Another modern voice with little time for the official Turkish narrative is Fethiye Çetin, a human rights lawyer currently representing the deceased’s family in the grimly ongoing Hrant Dink case. Çetin spent her whole youth believing she was of ‘pure’ Turkish stock, until one day her aging grandmother, Seher, took her aside. Seher revealed that she had been born an Armenian Christian, originally named Heranuş, and was plucked from a death march in 1915 by a Turkish gendarme commander, who went on to raise her with his wife as a Muslim Turk. Translated into English in 2008, ‘My Grandmother’ is Çetin’s elegiac description of this story.

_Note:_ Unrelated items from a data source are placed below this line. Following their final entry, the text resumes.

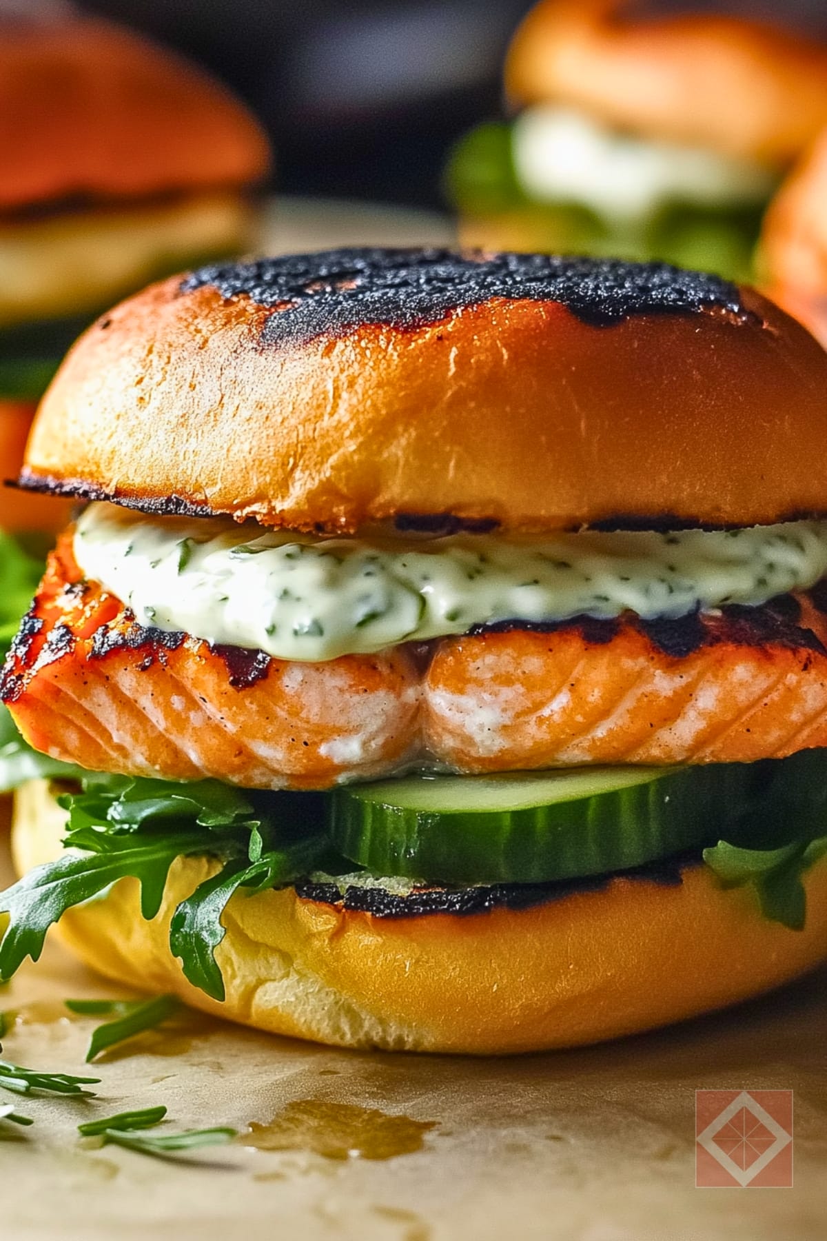 - Assemble the Sandwiches: Spread a generous layer of the lemon aioli on the bottom halves of the toasted buns. Add a handful of spring greens and layer on the cucumber slices. Place a grilled salmon fillet on top, then finish with the top bun.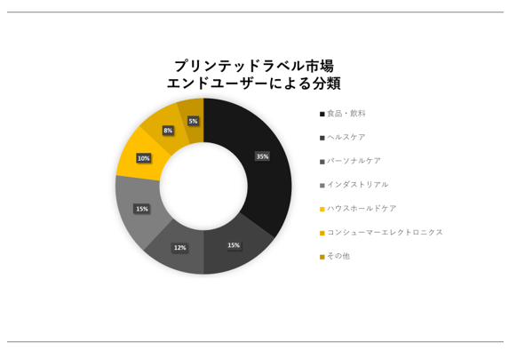 プリンテッドラベル市場は、プリントプロセス別、エンドユーザー別、原材料別、ラベルのフォーマットによって分類できます。これらのカテゴリは、さらに次のように分類されます: -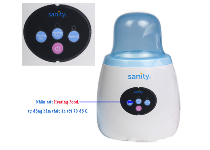 - Hâm thức ăn cho bé bằng cách nhấn nút Heating food, đèn bật sáng và nhấp nháy.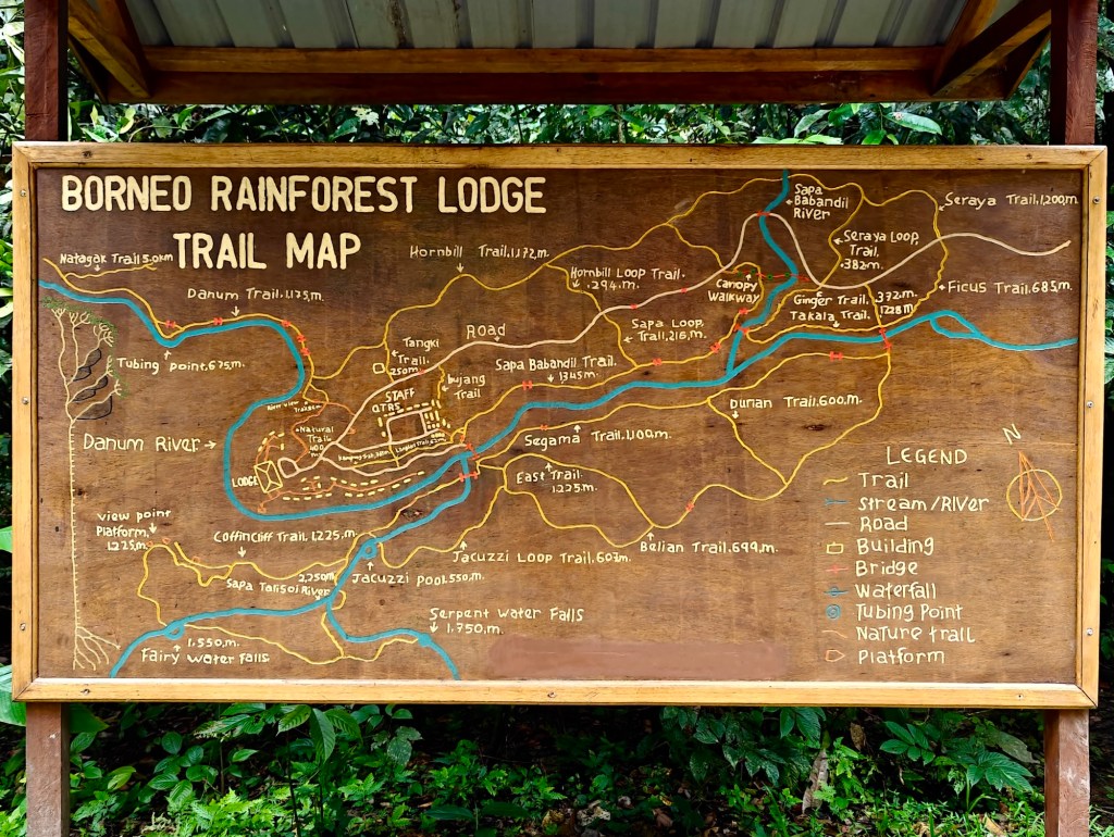 Then it occurred to me: there’s no development here, deep in the Danum Valley Conservation Area, a 169 sq. mi. tract of relatively undisturbed lowland rainforest (gold star on map, below).

The first section of the book contents itself with gentle, sepia-tinged descriptions of a rural upbringing with her family in the eastern Turkish province of Elazığ: her beautiful sisters; her grandfather, whose mood always depended on how full his stomach was; her grandmother, the charismatic matriarch of the family, powerful but taciturn, somehow never able to bring herself to sing, as if always harbouring the secret that would one day be revealed to Fethiye. The central revelation doesn’t come until midway through the book, but when it does Çetin writes that what she heard ‘did not fit with anything I knew. It turned the known world on its head, smashing my values into a thousand pieces’. Seher, or Heranuş, was one of the kılıç artığı, the ‘leftovers of the sword’ of that traumatic period; only one of her sisters was also spared, while the rest of the family – including uncles, aunts, cousins, and her mother – was killed. The second part of the novel consists of Çetin trying to digest this heritage, and also trying to forge a reunion of the two sides of a family which now – like so many Armenian families – is ‘scattered like pomegranate seeds’ across the world.

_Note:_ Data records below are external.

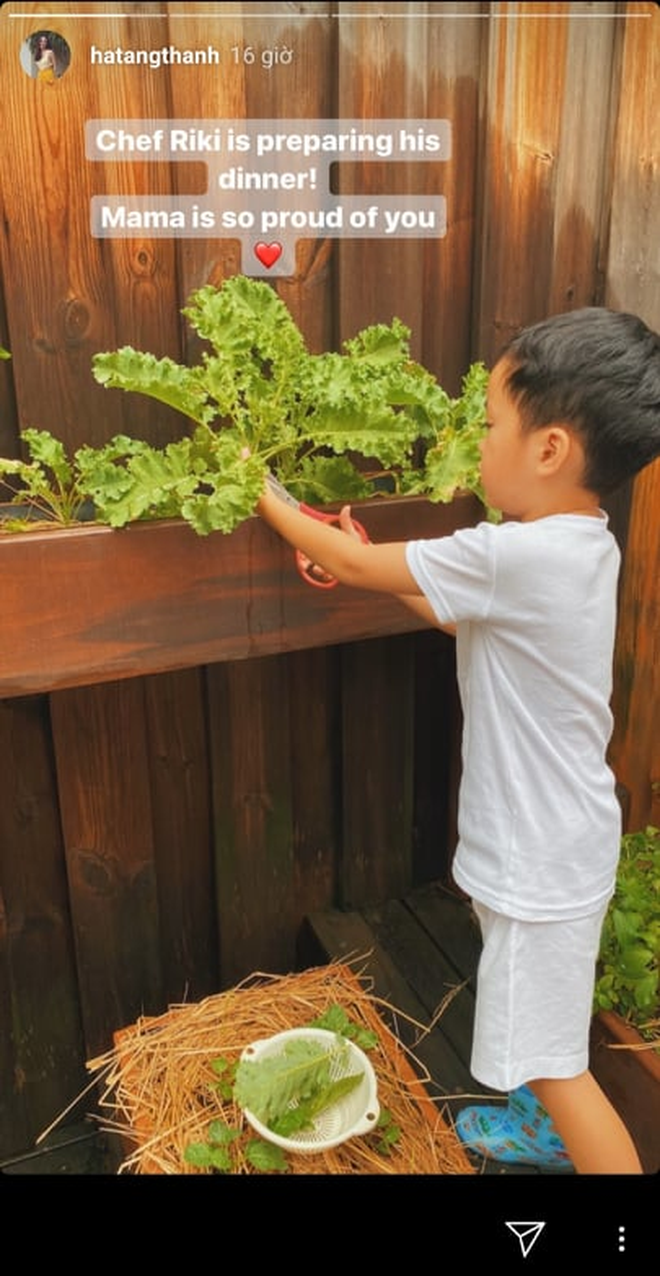 Mới 5 tuổi nhưng quý tử nhà Hà Tăng đã có niềm đam mê nấu nướng giống mẹ, thường xuyên vào bếp nhặt rau, thái củ quả và chăm vườn… Không chỉ vậy, dù là rich kid chính hiệu song cậu bé vẫn sẵn sàng vẽ tranh trên bìa carton cứng để tiết kiệm thay vì giấy mỹ thuật chuyên dụng.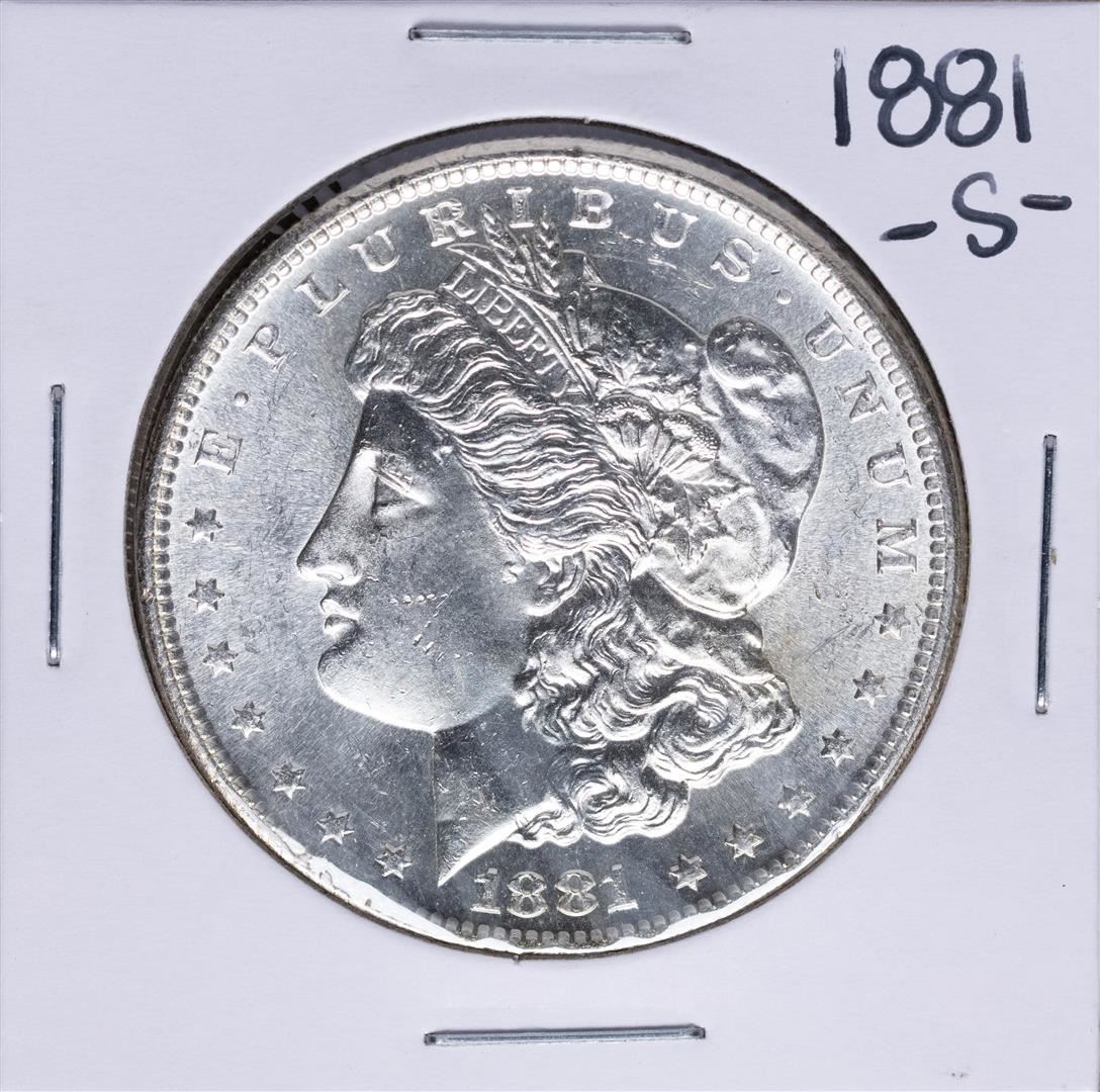 One 1881-S $1 Morgan Silver Dollar Coin.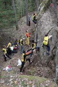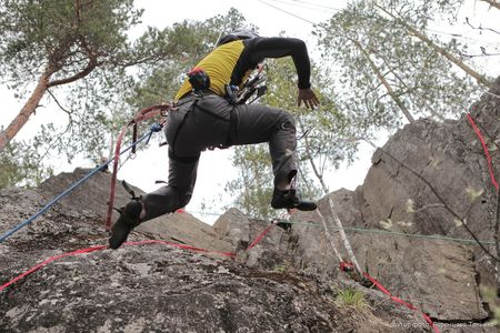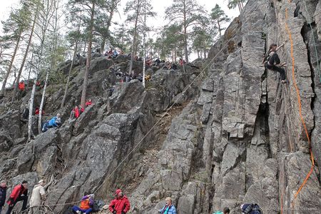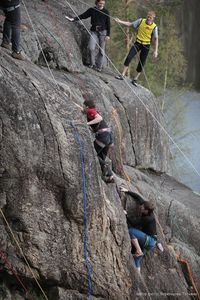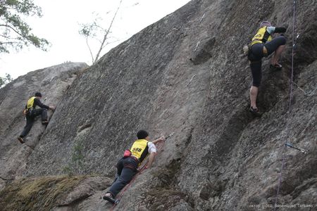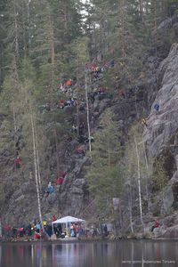 Ну а кто не знает - Скальный Фестиваль ежегодно собирает на берегах озера Ястребиное тысячи любителей активного отдыха - только участников Марафона "Скалолазание для всех" было в этом году более шестисот взрослых и более сотни детей. Марафон - гвоздь программы, 80 коротких скальных маршрутов различной сложности, которые в желтых "лидерских" майках можно было пытаться преодолевать в течение трех дней.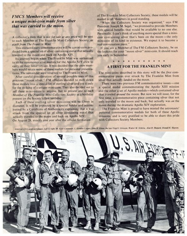 Publication for members of The Franklin Mint Collectors Society. 32 pages on slick paper, color and B&W.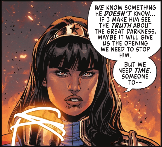 Page 15 – Panel 7: Wonder Girl can use her lasso of truth to make Pariah understand it’s not the Great Darkness he’s been talking to all this time.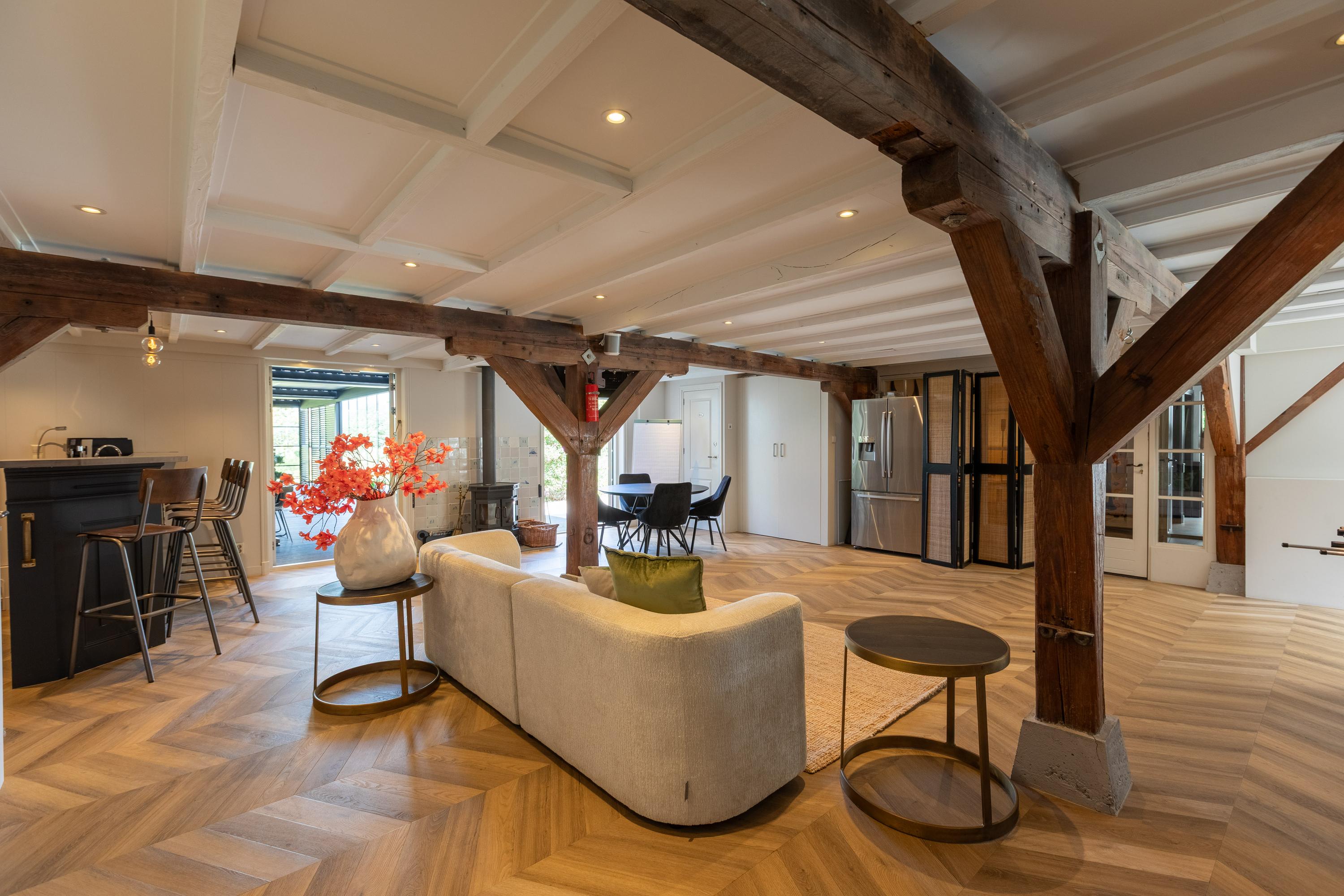 Adjacent to this is the stylish living room, consisting of two parts that can be arranged according to your own wishes. Currently, the dining room is located in the former upper room (the raised section) and the sitting room in the lower section, where the characteristic beamed ceiling immediately catches the eye. If desired, the dining room and living room can easily be swapped.

It’s a quietly powerful book, modest but courageous. There are no unnecessary fireworks or forced emotions. In a way, it could be seen as a manifestation of the very thing Temelkuran advocates in ‘Deep Mountain’, a kind of picking up of the baton. There’s little in the way of direct politics and no recriminations: I don’t think the word ‘genocide’ is mentioned once in the entire book (and that’s not because of Turkish laws against these things). It’s simply a human story, told in an unshowy, humane way.

Both Temelkuran and Çetin manage to address the vexed Armenian issue with admirable clarity, concerning themselves with the personal and the human as a kind of riposte to the debilitating rancour of the official, political dispute. Both try to chart a precipitous course between two entrenched sides that long ago stopped listening to each another; neither condemn anything other than this wilful deafness. In the years to come, one can only hope there are more books published like these two, and less like ‘The Armenian Dossier’.